▶ **What you will do**: The required result is an exact copy of the lines from the one containing "打开命令行并输入consul.exe agent -dev" to the last line of the records, both ends included, without pictures.

[[ Records to process open ]]

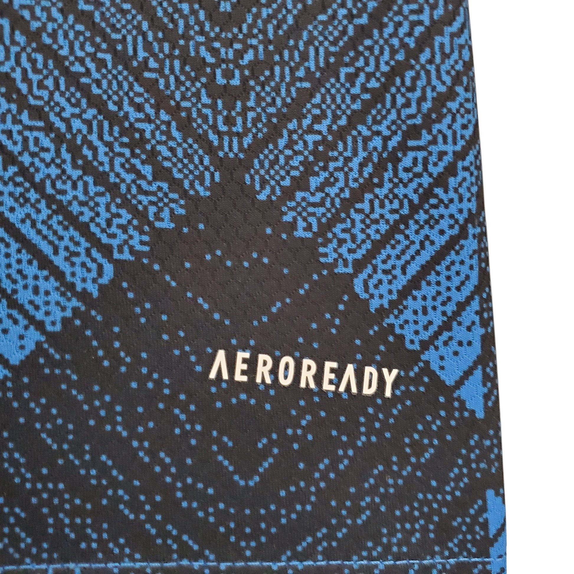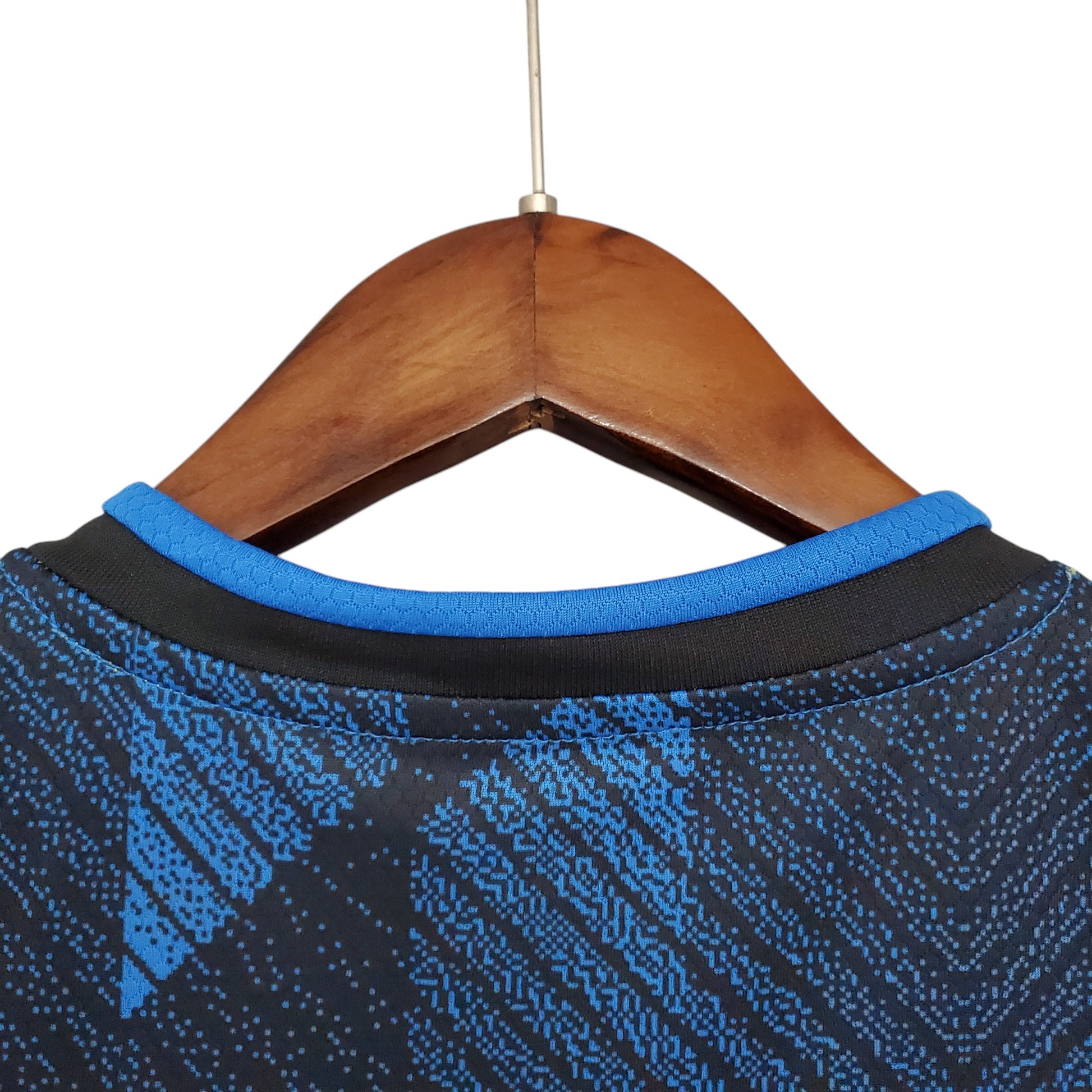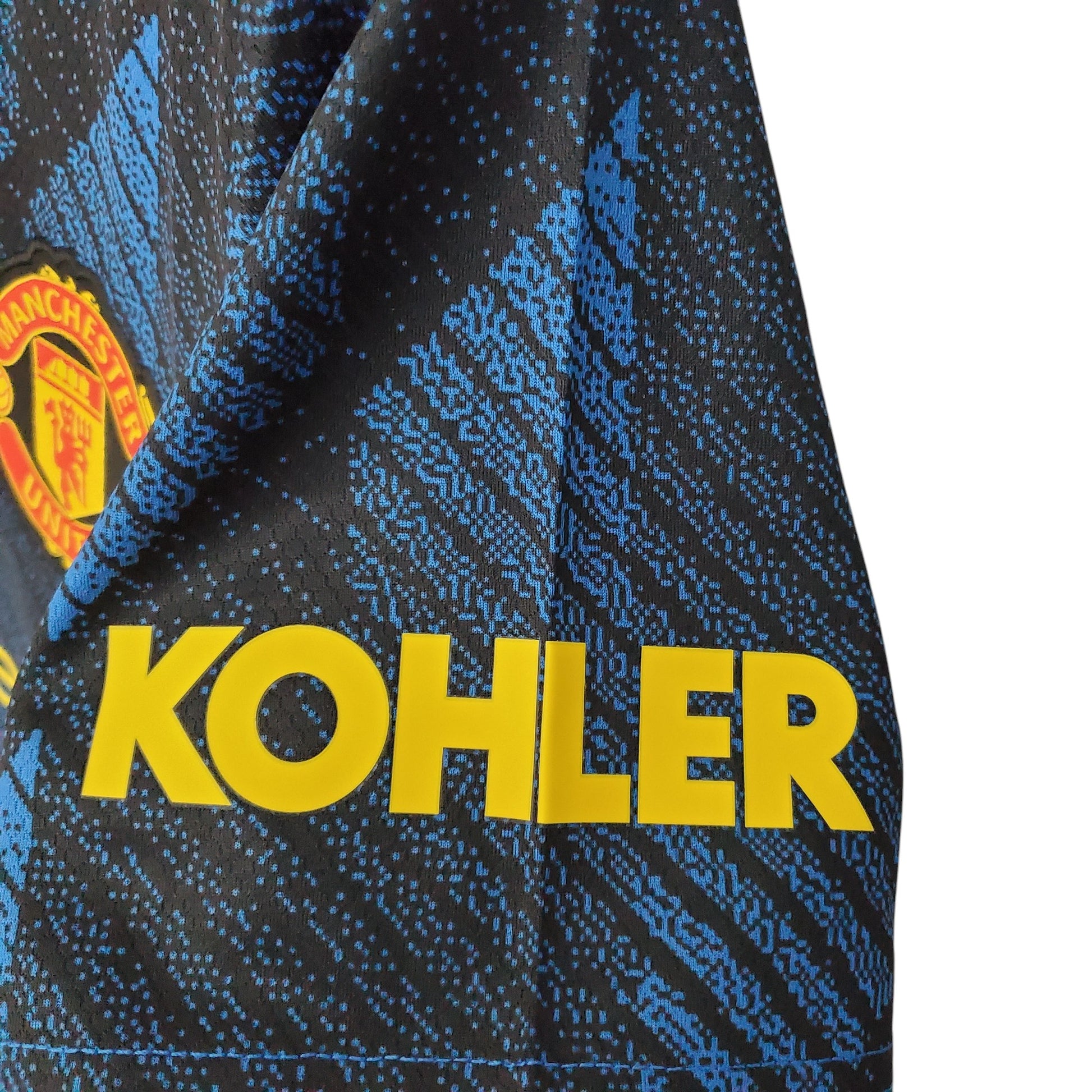 La tercera equipación del Manchester United para la temporada 2021/22, diseñada por Adidas, presenta un diseño moderno con una combinación de azul oscuro y detalles en amarillo vibrante. El patrón geométrico en zigzag recuerda a diseños clásicos de los años 90, mientras que las tres líneas amarillas en los hombros y el patrocinador TeamViewer completan el look. El escudo del club destaca en tonos dorados y rojos, resaltando la identidad de los "Red Devils".
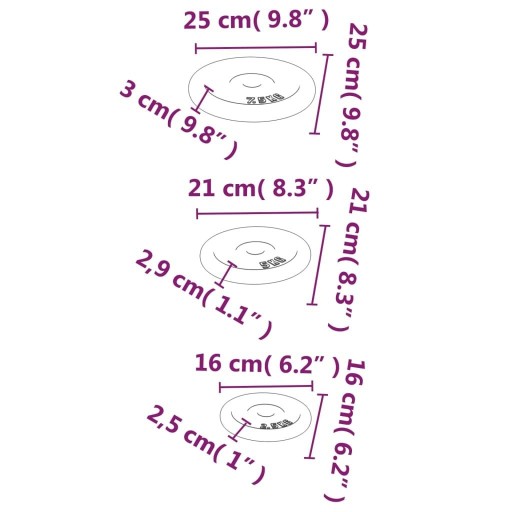 - Średnica talerzy 2,5 kg: 16 cm
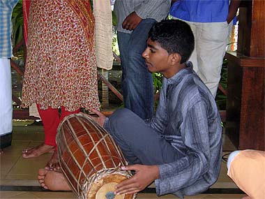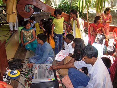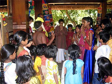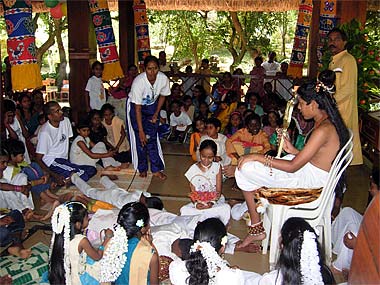 The youth seated on the first level of the Mandapam steps appreciate the event. Due to limited space inside the Mandapam we could not set up a proper stage, and performance were done in an informal way to the joy of everyone present.
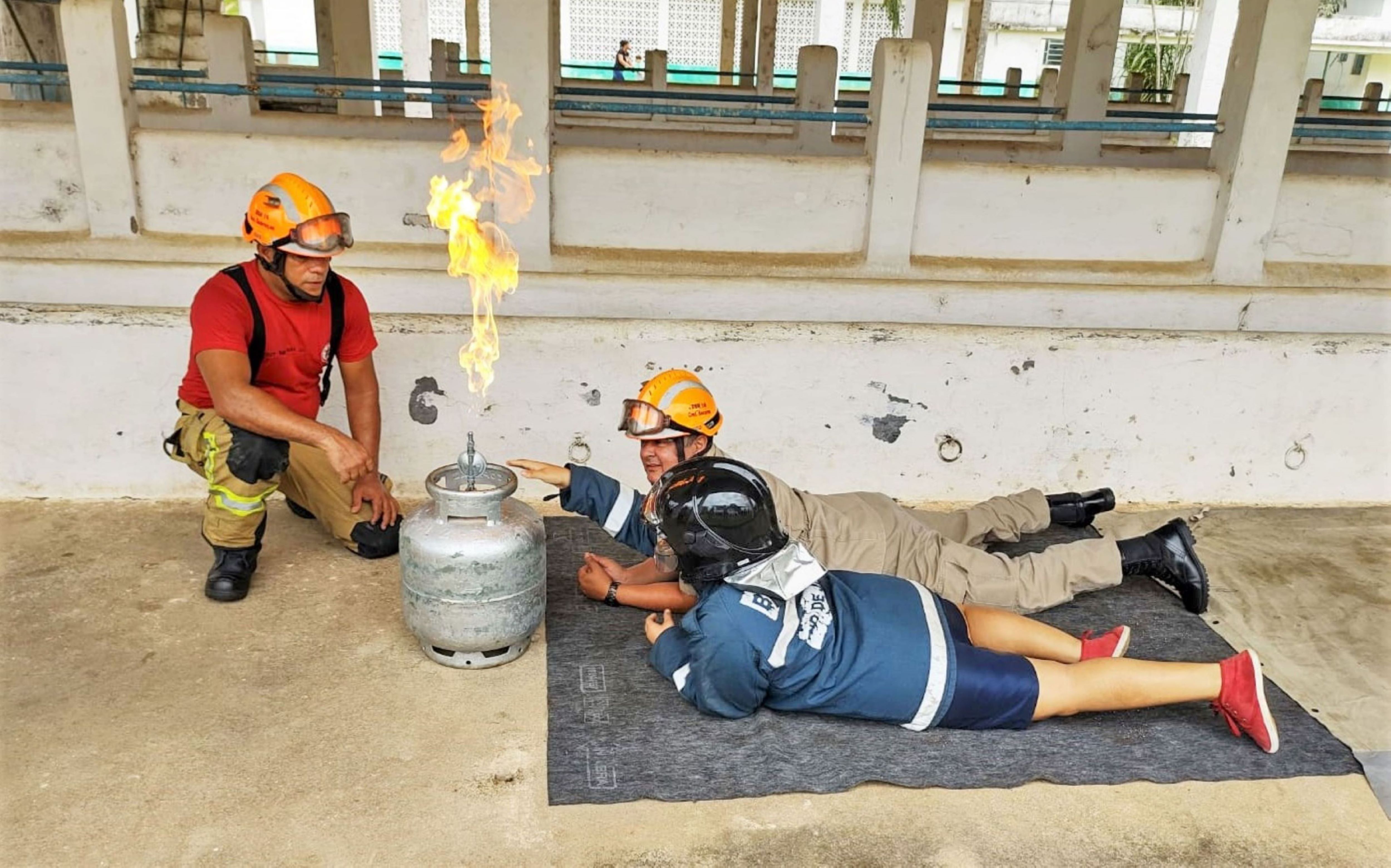 Sempre seguros pela presença do profissional militar e dos equipamentos de proteção, os agentes participam de um simulado de combate a incêndio
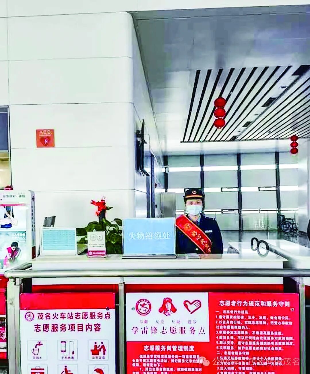 今年春运期间,茂名站为营造“温馨出行,平安春运”的浓厚氛围,在“好心茂名”党员服务岗设立“爱心药箱”,向广大旅客免费提供应急外用药和旅客出行常用物品;在南北两个检票口处摆放好轮椅、担架以及盲杖;在候车大厅里额外增设“充电吧台”和“好心书吧”,为广大旅客提供免费充电服务和阅读空间。图为“好心茂名”党员服务岗。通讯员 李波 郑博远 摄
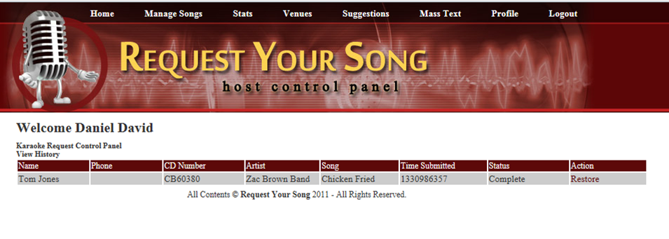 As you are running your karaoke show, things get a little busy. Mistakes can happen. That is why Request Your Song added a view history option from your Host Control Panel. Here you can restore any of your previous singers to their previous status with a single click.
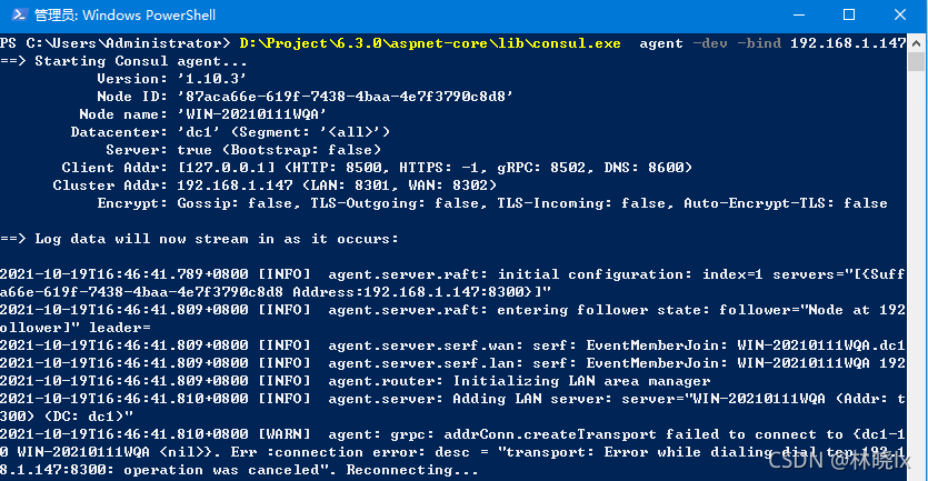打开命令行并输入consul.exe agent -dev -bind {你本机的ip地址} 来运行consul服务
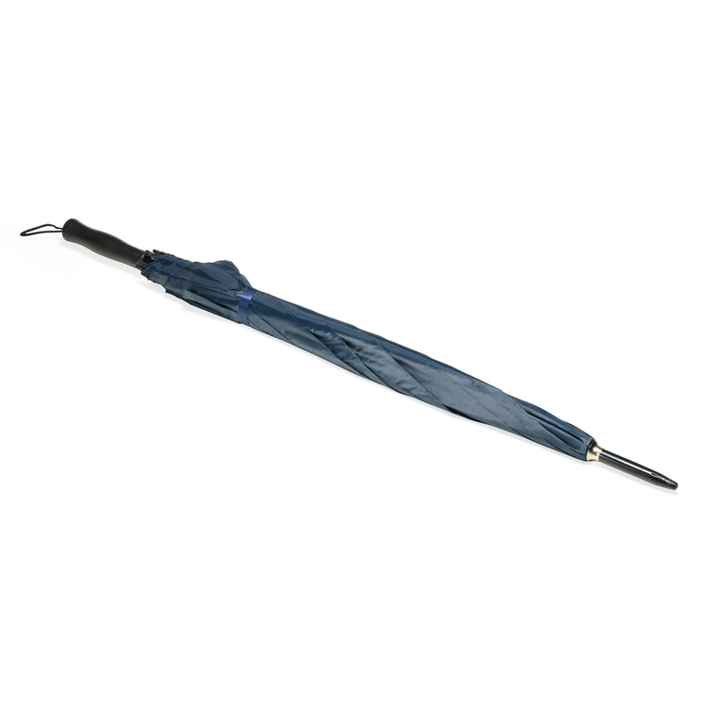 Guarda-chuva em poliéster com abertura automática, estrutura metálica com oito varetas e pegador em plástico com alça de nylon fixa na extremidade.
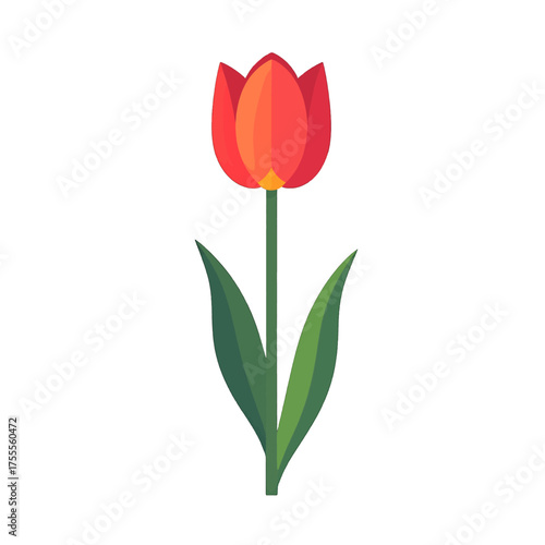 Isolated Red Tulip on White Background a Simple Elegant Floral Illustration with Green Stem and Leaves

[[ Records to process closed ]]

▶ **Problem solution**:
打开命令行并输入consul.exe agent -dev -bind {你本机的ip地址} 来运行consul服务
 Guarda-chuva em poliéster com abertura automática, estrutura metálica com oito varetas e pegador em plástico com alça de nylon fixa na extremidade.
 Isolated Red Tulip on White Background a Simple Elegant Floral Illustration with Green Stem and Leaves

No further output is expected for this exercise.